CVSS 10.0 Vulnerability Found in Ubiquity UniFi Protect Cameras

Ubiquity has disclosed two security vulnerabilities affecting its widely used video surveillance platform, UniFi Protect. One of the flaws, now assigned the identifier CVE-2025-23123, has been rated as critical with a maximum CVSS score of 10.0. Both issues have been addressed in recent firmware and application updates, and the company is urging users to install these patches without delay. 

The vulnerabilities were detailed in Security Advisory Bulletin 047, published by Ubiquity on May 6, 2025. According to the bulletin, attackers who gain access to the management network of Ubiquity UniFi Protect systems could exploit the flaws to execute malicious code or maintain unauthorized access to video livestreams, even after links are supposedly disabled. 

CVE-2025-23123: Critical Remote Code Execution Vulnerability

The more severe of the two issues, CVE-2025-23123, affects UniFi Protect Cameras running firmware version 4.75.43 and earlier.
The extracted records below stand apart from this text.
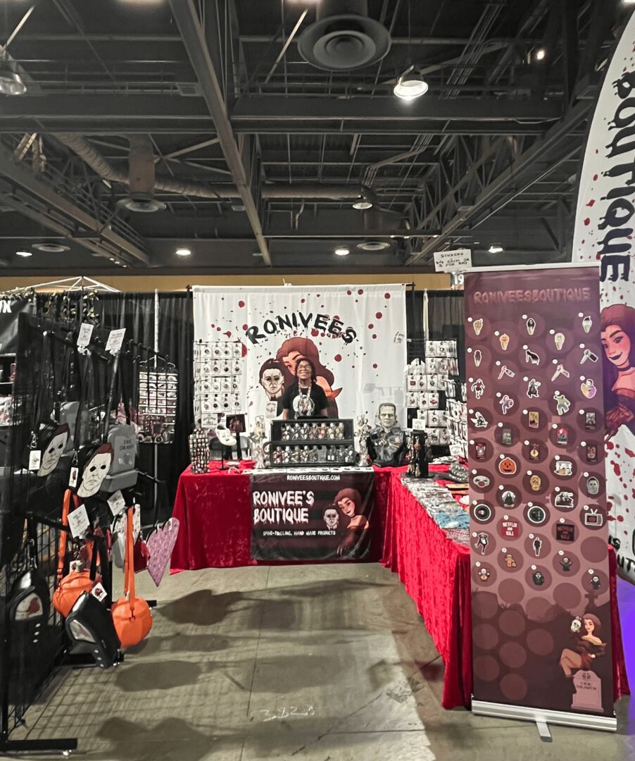 When I lost my job to Covid I focused on applying for events and hoping they’d book me. I was still new, my products were still very little designs. My set up was as not too professional. I was still learning the ropes. I saved all my money and paid for spots and different events that I got accepted to. My biggest event and such a dream come true was getting approved to vend at the la county fair. My uncle and his wife own CBM realty, they sponsored me with half of the down payment and I was able to book my spot. Best decision of my life. I started getting noticed by people and event planners. So I took a chance and applied to bigger cons. It was very overwhelming and I was so scared but I did it. As of today I vend at so many HUGE Horror Conventions. I’ve also been accepted to multiple out of state events that I have yet to try. It was never easy. I work my butt off to get to where I am today. I have definitely made a name for myself, and the best part my son is my biggest supporter and my biggest inspiration.
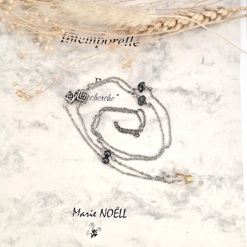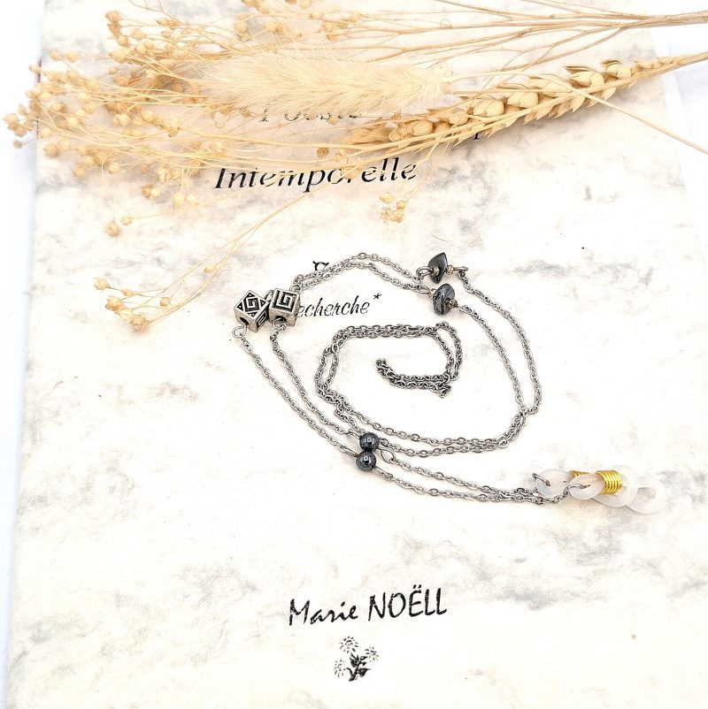 Ce cordon à lunettes chaine avec perles naturelles en hématite est à la fois pratique, léger et chic.
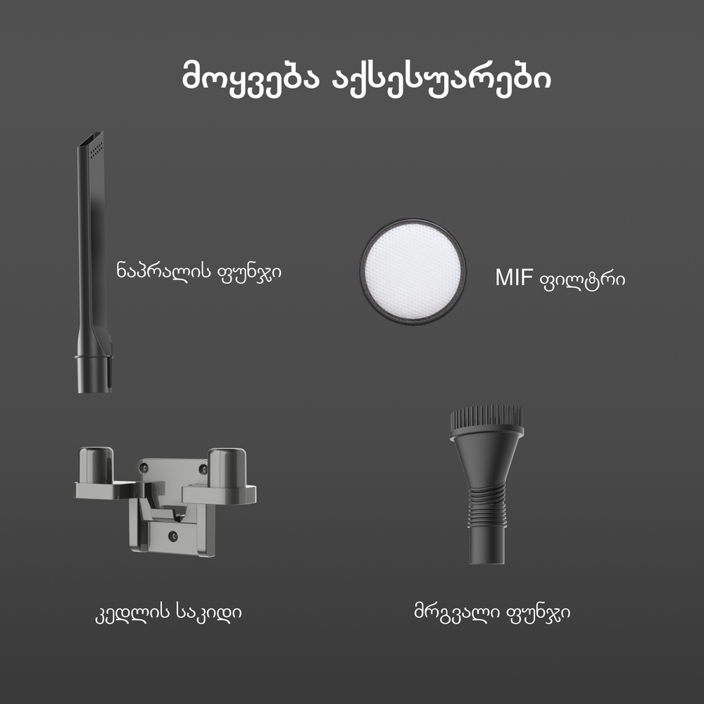 მტვერსასრუტს აქვს ერგონომიული დიზაინი, კომპლექტაციაშია საკიდი მტვერსასრუტისა და აქსესუარებისთვის და თავაკები, რომლებიც შეგიძლიათ გამოიყენოთ ავეჯის, ხალიჩის, მანქანის სალონისა და სხვადასხვა ზედაპირის დასუფთავებისთვის. ფუნქციური დიზაინი საშუალებას გაძლევთ მარტივად შეცვალოთ დასუფთავების კუთხე 90° -დან 180°-მდე, რაც ამარტივებს რთულად მისადგომი ადგილების სადუფთავებას.

This vulnerability allows a remote attacker with internal network access to trigger a heap-based buffer overflow, enabling the execution of arbitrary code. The flaw is classified as a Remote Code Execution (RCE) threat and poses cybersecurity risks for enterprise environments. 

“This vulnerability is especially dangerous because of its low complexity and the absence of user interaction needed to exploit it,” Ubiquity noted.
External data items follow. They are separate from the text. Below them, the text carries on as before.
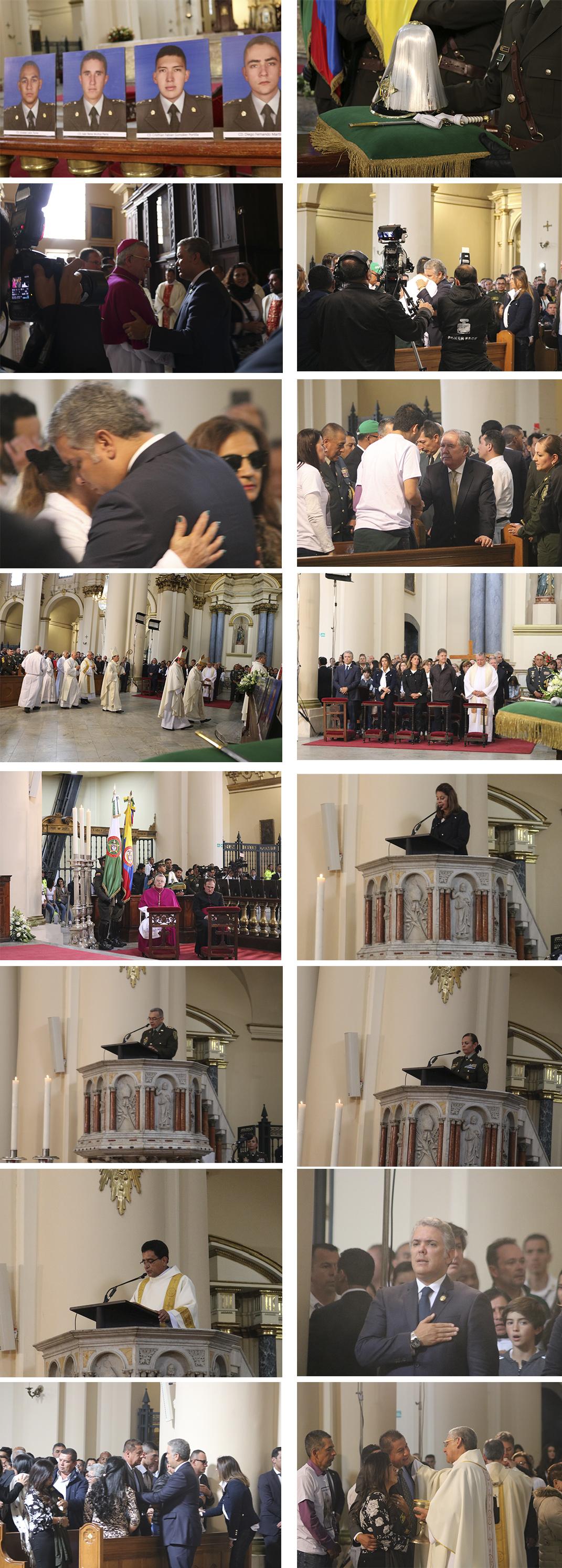 La Eucaristía fue presidida por el señor cardenal Rubén Salazar Gómez, arzobispo de Bogotá, Primado de Colombia y Presidente del CELAM, concelebraron el obispo castrense, monseñor Fabio Suescún Mutis y el Secretario de la CEC, monseñor Elkin Álvarez obispo auxiliar de Medellín; el padre Silverio Suárez, quien es general de la Policía; el padre Jorge Marín, párroco de la Catedral y muchos sacerdotes vinculados pastoralmente con la institución policial. Asistió el Nuncio Apostólico, monseñor Mariano Montemayor y el secretario de la Nunciatura, monseñor Matjaž Roter.
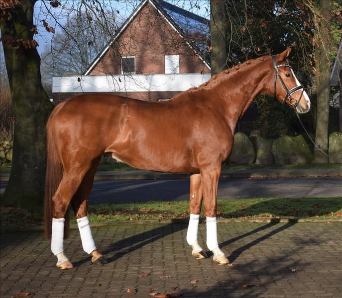 Wunderschöne Stute mit GGA in Ausnahmequalität. Celebrity ist leichtrittig, hat viel Ausstrahlung - so wie man sich von einem qualititätsvollen Dressurpferd wünscht. Sie hat einen lieben und aufmerksamen Charakter, ist verträglich in der Herde, dem Menschen gegenüber offen, super freundlich und verschmust, dabei sehr gut erzogen. Probereiten jederzeit nach Absprache möglich. Mehr Infos finden Sie auf unserer Homepage. Hof Heisterbusch Team.
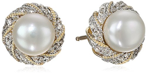 10k Yellow Gold Twist-Frame Freshwater Cultured Pearl Earrings With Diamonds Accent Stud Earrings
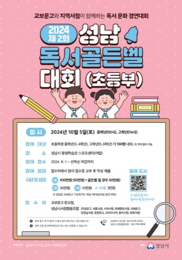 대회에 참가하려는 초등 3~6년생은 교보문고 판교점, 미금문고, 세종서점, 수정서점 등 11곳의 지역 내 서점 접수처를 방문해 선착순으로 신청하면 된다.
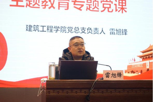 2003网站太阳集团于2023年11月15日在学术报告厅开展习近平新时代中国特色社会主义思想主题教育专题党课。党课由2003网站太阳集团党总支负责人雷旭锋主讲。2003网站太阳集团2022级和2023级全体学生干部共计300余人参加党课。
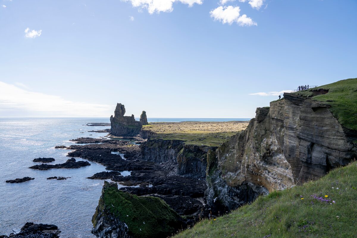 One of the oddest natural attractions on the peninsula can be seen from kilometers away. The strange, giant Lóndrangar sea stacks dominate the landscape even from a distance. The stacks are 75 and 61-meters (246 and 200-feet) high and together look like a dark castle. It is said that they belong to the elves living in the area so no one dares disturb them.

The CVSS v3.0 vector for this flaw is AV:N/AC:L/PR:N/UI:N/S:C/C:H/I:H/A:H, which confirms that the vulnerability can be exploited over the network without authentication or user intervention. 
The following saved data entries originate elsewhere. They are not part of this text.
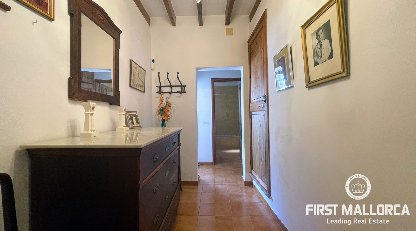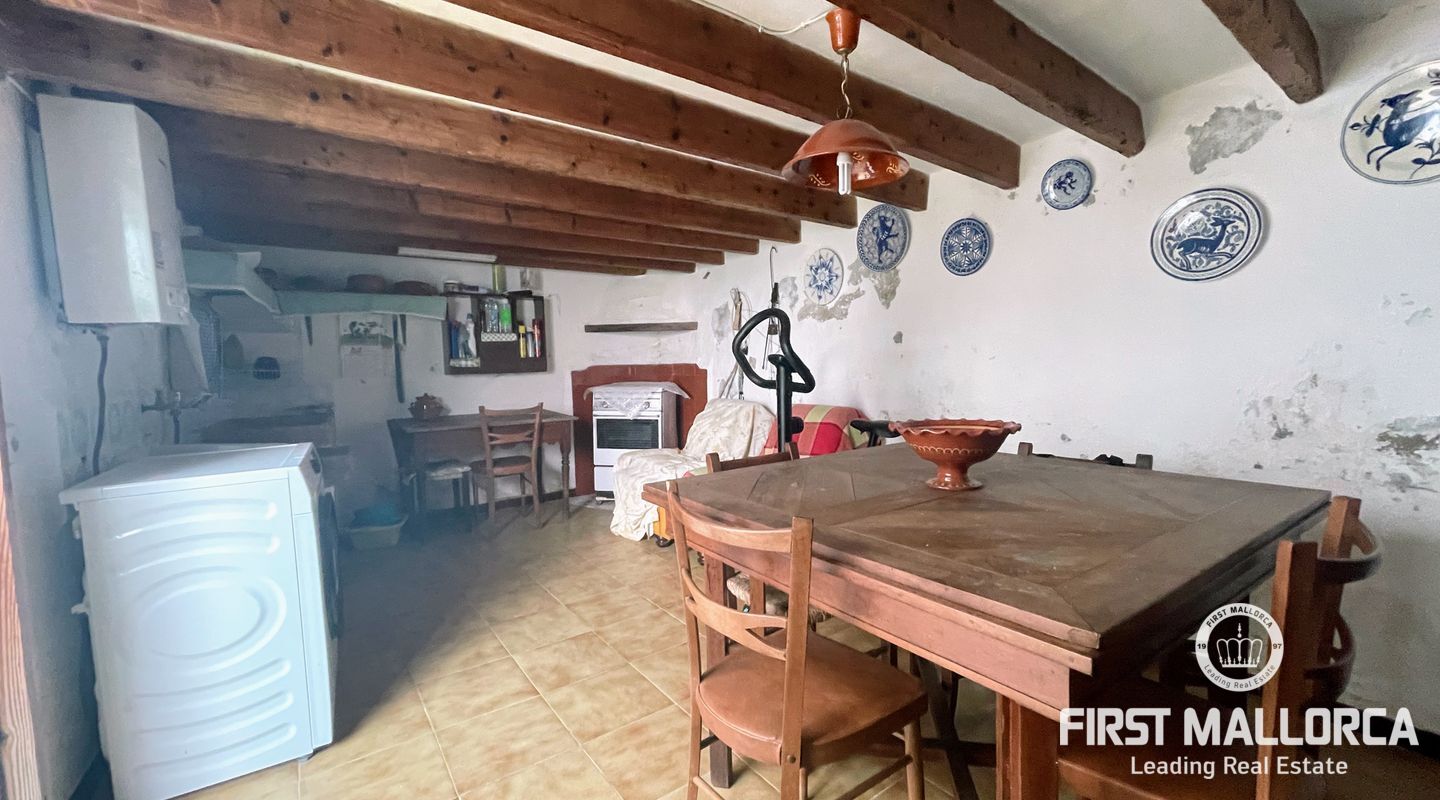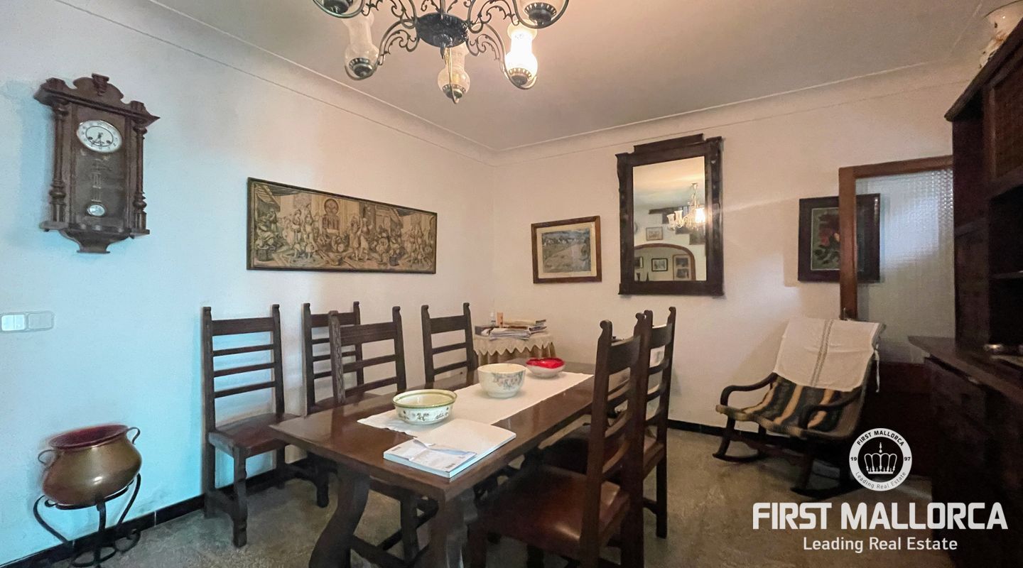 Planta Baja: Dispone de una amplia entrada con acceso directo a un garaje, un generoso salón-comedor propicio para la convivencia familiar, una cocina independiente, una habitación adicional y un baño completo. Un patio interior con cisterna añade un toque tradicional mallorquín. Destaca una espaciosa coladuría con significativas posibilidades de transformación, sobre la cual se encuentran dos salas adicionales actualmente utilizadas como trastero, con potencial para convertirse en zonas de estar o dormitorios según las necesidades del comprador. Primera Planta: Alberga tres luminosas habitaciones y un baño completo. Un hall proporciona acceso a una soleada terraza, ideal para el descanso al aire libre y para disfrutar de vistas despejadas del entorno.
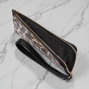 Kate Spade Lucy Leopard Small L Zip Wristlet in Cream Multi KH770
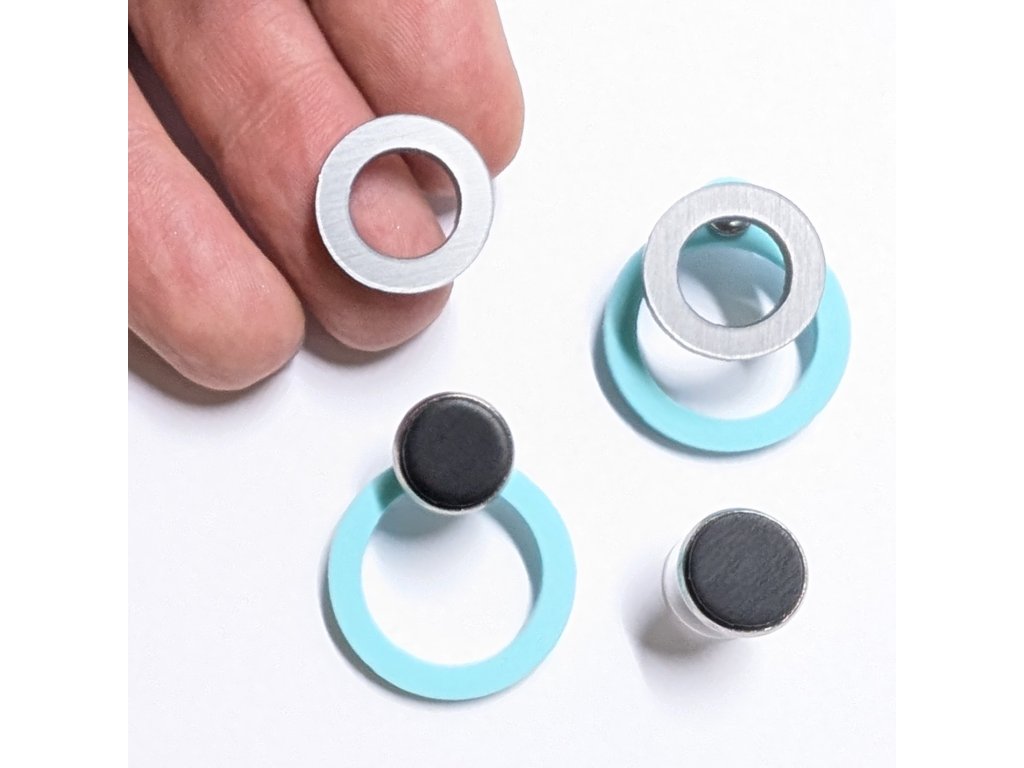 Materiál: plexisklo, puzety a zarážky z chirurgické oceli (vhodné pro alergiky)

Persistent Livestream Access

The second vulnerability, identified as CVE-2025-23164, affects the Ubiquity UniFi Protect Application version 5.3.41 and earlier. This flaw stems from a misconfigured access token mechanism, which could allow a user to retain access to a livestream after the original “Share Livestream” link has been disabled.  

Though this vulnerability is rated as medium with a CVSS score of 4.4, it still poses privacy and surveillance concerns, especially for users sharing security camera access. Ubiquity attributes this discovery to security researcher Mike S. Schonert and has resolved the issue in version 5.3.45 of the UniFi Protect application. 

Updates and Fixes Released

To address these vulnerabilities, Ubiquity has released the following updates: 

• UniFi Protect Cameras 4.75.62: This update resolves the critical RCE issue and includes performance enhancements like improved Talk Back resiliency and more accurate vehicle detection for G6 models. A bug causing failure in spotlight activation after target detection was also fixed.
• UniFi Protect Application 5.3.45: Alongside the security patch, this version includes improvements to cloud archiving UX, doorbell volume controls, and a bug fix for incorrect camera reassignment following an AI port restart.

Despite these improvements, Ubiquity did note a known issue: Hallway mode streaming in HDR-disabled settings is currently not functioning on G5-Pro models. 

Users are strongly urged to update their Ubiquity UniFi systems immediately, as unpatched devices—especially those on exposed or partially secured networks—can be exploited through critical vulnerabilities like this one, potentially allowing attackers to install malware, conduct unauthorized surveillance, or access broader network resources.